What is expected -> All records, minus the pictures: write them out exactly.

[Dataset entries]

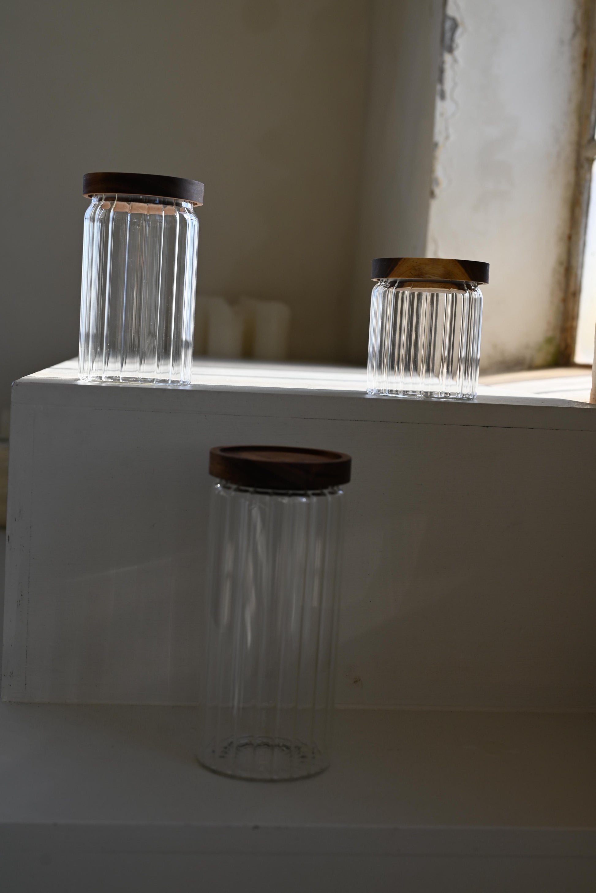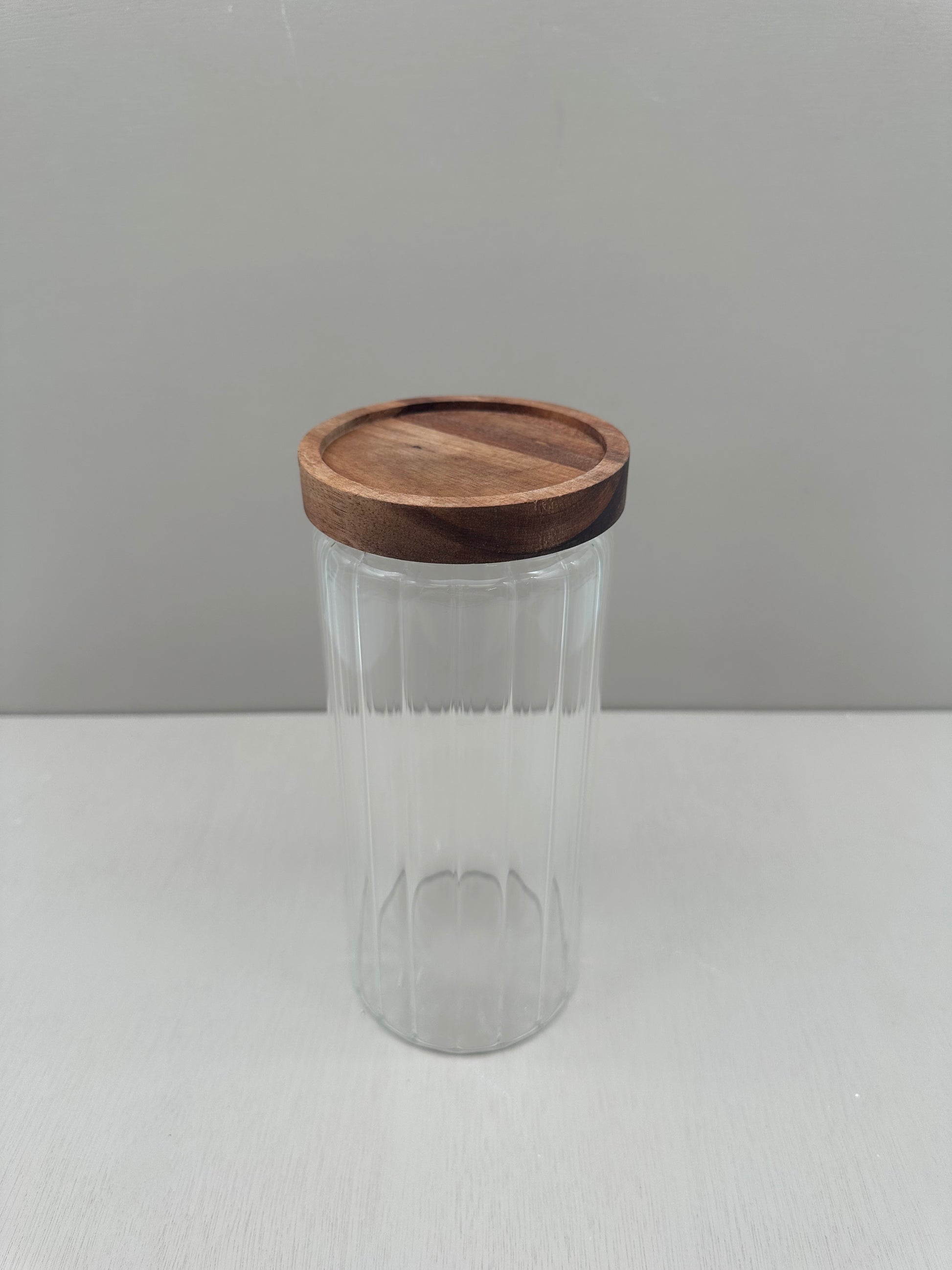 Deze stijlvolle glazen voorraadpot met een houten deksel combineert functionaliteit met een tijdloos design. De verticale ribbelstructuur van het glas geeft een verfijnde uitstraling, terwijl de natuurlijke houten deksel zorgt voor een warme, organische touch.
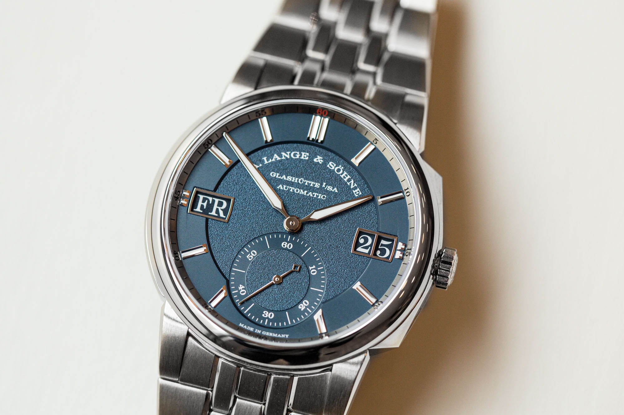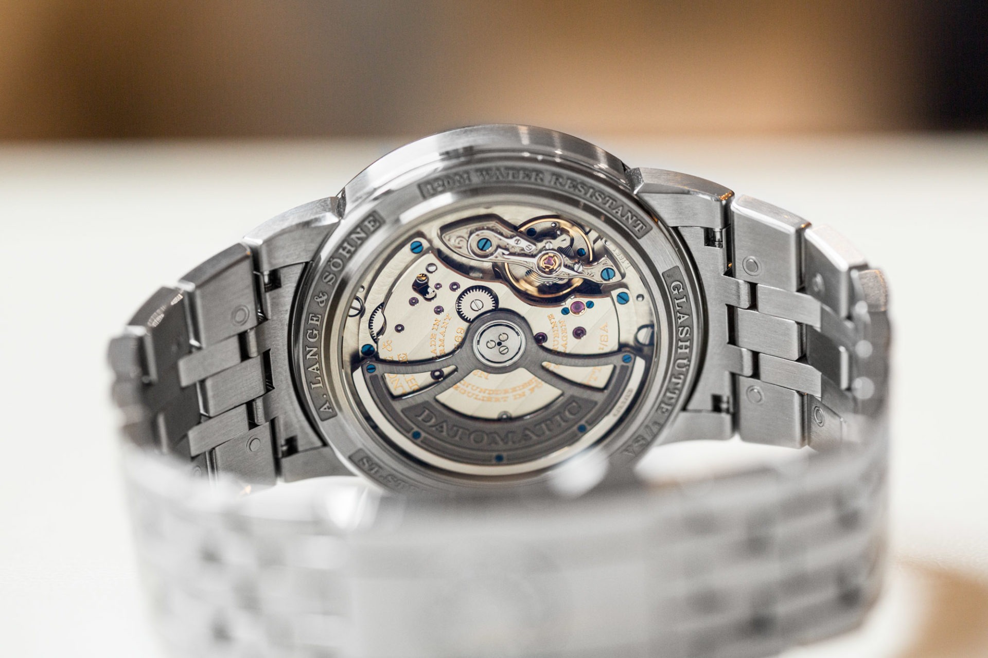 Le grand invité qui fait parler de lui, c’est l’acier. Techniquement pas la première fois qu’il apparait sur une Lange, souvenez-vous la 1815 « Homage to Walter Lange » et sa seconde sautante venaient dans un boitier en acier. Une pièce unique vendue aux enchères en 2017.
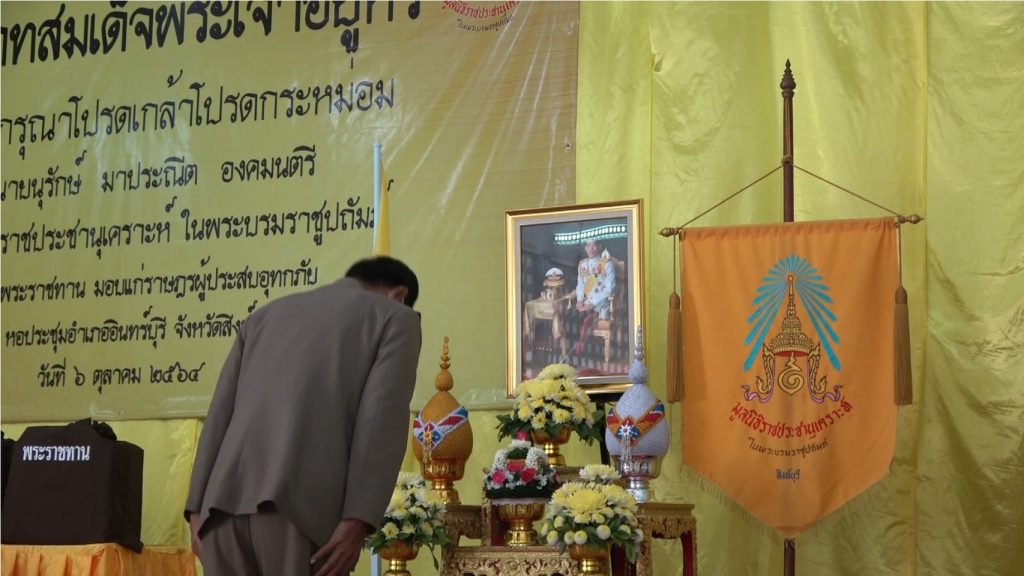 ในการนี้ พระบาทสมเด็จพระเจ้าอยู่หัวทรงพระกรุณาโปรดเกล้าโปรดกระหม่อม ให้นายนุรักษ์ มาประณีต องคมนตรี ร่วมกับมูลนิธิราชประชานุเคราะห์ ในพระบรมราชูปถัมภ์ เชิญสิ่งของพระราชทานเครื่องอุปโภคบริโภคไปมอบแก่ประชาชนผู้ประสบอุทกภัยพื้นที่จังหวัดสิงห์บุรีจำนวน 1,195 ชุด เพื่อบรรเทาความเดือดร้อนของประชาชนในเบื้องต้นพร้อมอัญเชิญกระแสพระราชดำรัสความห่วงใยจากพระบาทสมเด็จพระเจ้าอยู่หัว โดยมี นายชัยชาญ สิทธิวิรัชธรรม ผู้ว่าราชการจังหวัดสิงห์บุรี รักษาการปลัดจังหวัดสิงห์บุรี นายอำเภออินทร์บุรี และหัวหน้าส่วนราชการ เป็นผู้แทนประชาชนรับมอบสิ่งของพระราชทานเครื่องอุปโภคบริโภคและร่วมสำนึกในพระมหากรุณาธิคุณ
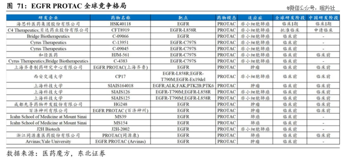 目前全球有大量EGFR Protac处于阶段,进入临床阶段的仅有海思科的HSK40118,贝达药业引进C4公司的CFT8919处于IND阶段,其余公司均处于临床前阶段。
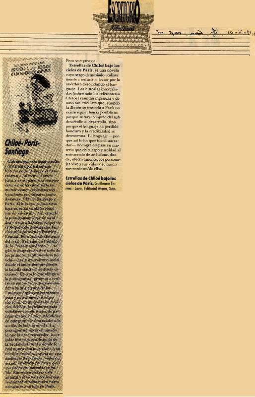 Autores chilenos - Torres, Guillermo - Chiloé-París-Santiago
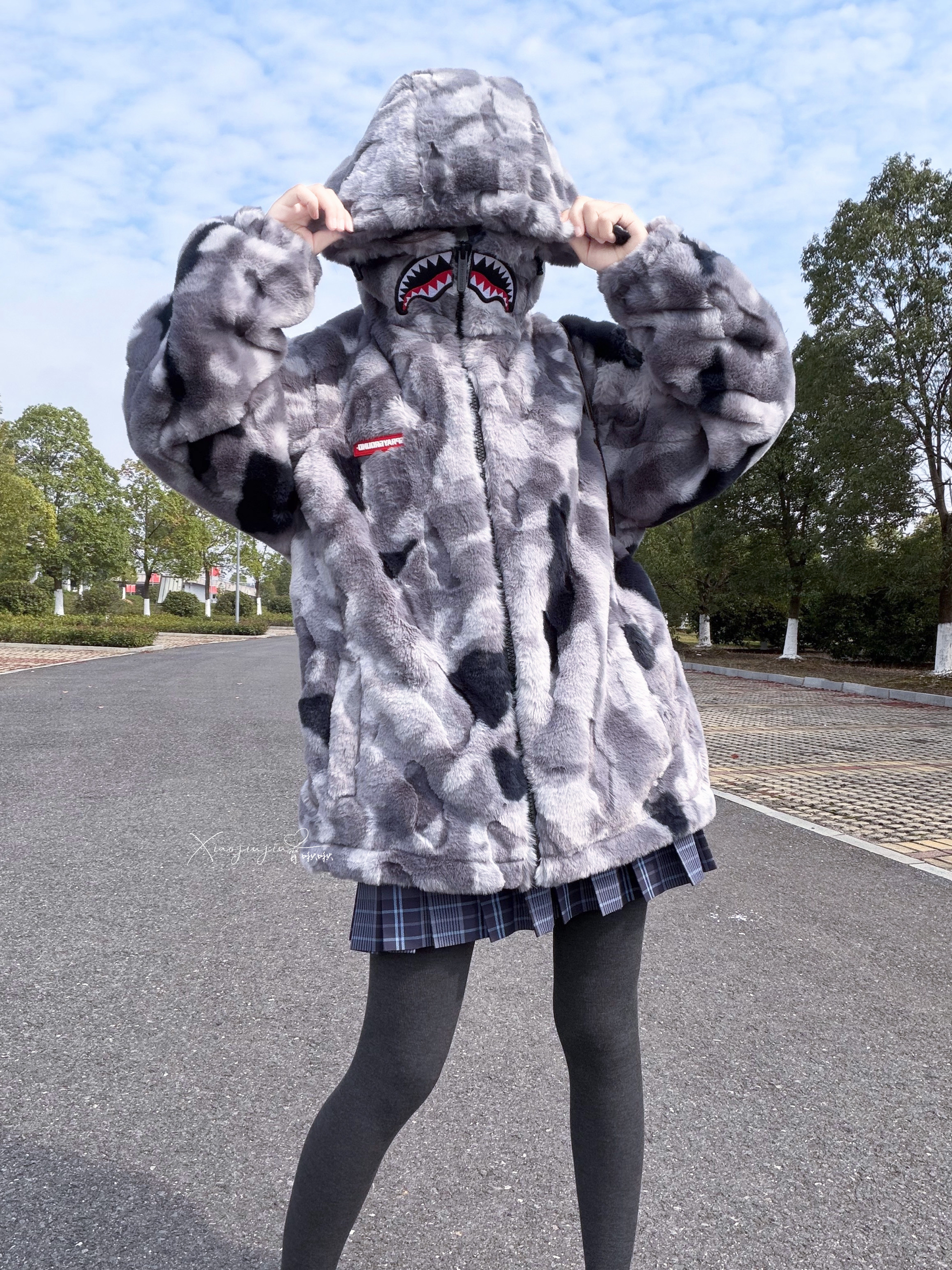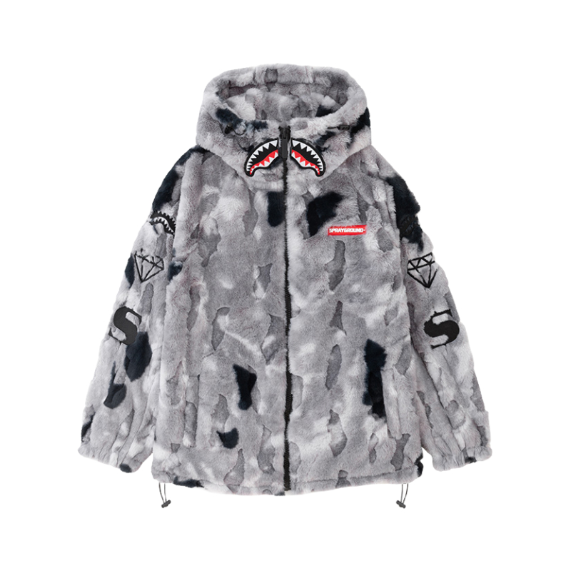 本篇笔记关联了【张桂源同款】sprayground 刺绣满印不规则花纹鲨鱼嘴防风加厚款仿羊羔绒感连帽双拉链长袖夹克 男女同款 WD931121 灰等商品,为用户提供真实的使用体验和购买参考。

Final answer ->
 Deze stijlvolle glazen voorraadpot met een houten deksel combineert functionaliteit met een tijdloos design. De verticale ribbelstructuur van het glas geeft een verfijnde uitstraling, terwijl de natuurlijke houten deksel zorgt voor een warme, organische touch.
 Le grand invité qui fait parler de lui, c’est l’acier. Techniquement pas la première fois qu’il apparait sur une Lange, souvenez-vous la 1815 « Homage to Walter Lange » et sa seconde sautante venaient dans un boitier en acier. Une pièce unique vendue aux enchères en 2017.
 ในการนี้ พระบาทสมเด็จพระเจ้าอยู่หัวทรงพระกรุณาโปรดเกล้าโปรดกระหม่อม ให้นายนุรักษ์ มาประณีต องคมนตรี ร่วมกับมูลนิธิราชประชานุเคราะห์ ในพระบรมราชูปถัมภ์ เชิญสิ่งของพระราชทานเครื่องอุปโภคบริโภคไปมอบแก่ประชาชนผู้ประสบอุทกภัยพื้นที่จังหวัดสิงห์บุรีจำนวน 1,195 ชุด เพื่อบรรเทาความเดือดร้อนของประชาชนในเบื้องต้นพร้อมอัญเชิญกระแสพระราชดำรัสความห่วงใยจากพระบาทสมเด็จพระเจ้าอยู่หัว โดยมี นายชัยชาญ สิทธิวิรัชธรรม ผู้ว่าราชการจังหวัดสิงห์บุรี รักษาการปลัดจังหวัดสิงห์บุรี นายอำเภออินทร์บุรี และหัวหน้าส่วนราชการ เป็นผู้แทนประชาชนรับมอบสิ่งของพระราชทานเครื่องอุปโภคบริโภคและร่วมสำนึกในพระมหากรุณาธิคุณ
 目前全球有大量EGFR Protac处于阶段,进入临床阶段的仅有海思科的HSK40118,贝达药业引进C4公司的CFT8919处于IND阶段,其余公司均处于临床前阶段。
 Autores chilenos - Torres, Guillermo - Chiloé-París-Santiago
 本篇笔记关联了【张桂源同款】sprayground 刺绣满印不规则花纹鲨鱼嘴防风加厚款仿羊羔绒感连帽双拉链长袖夹克 男女同款 WD931121 灰等商品,为用户提供真实的使用体验和购买参考。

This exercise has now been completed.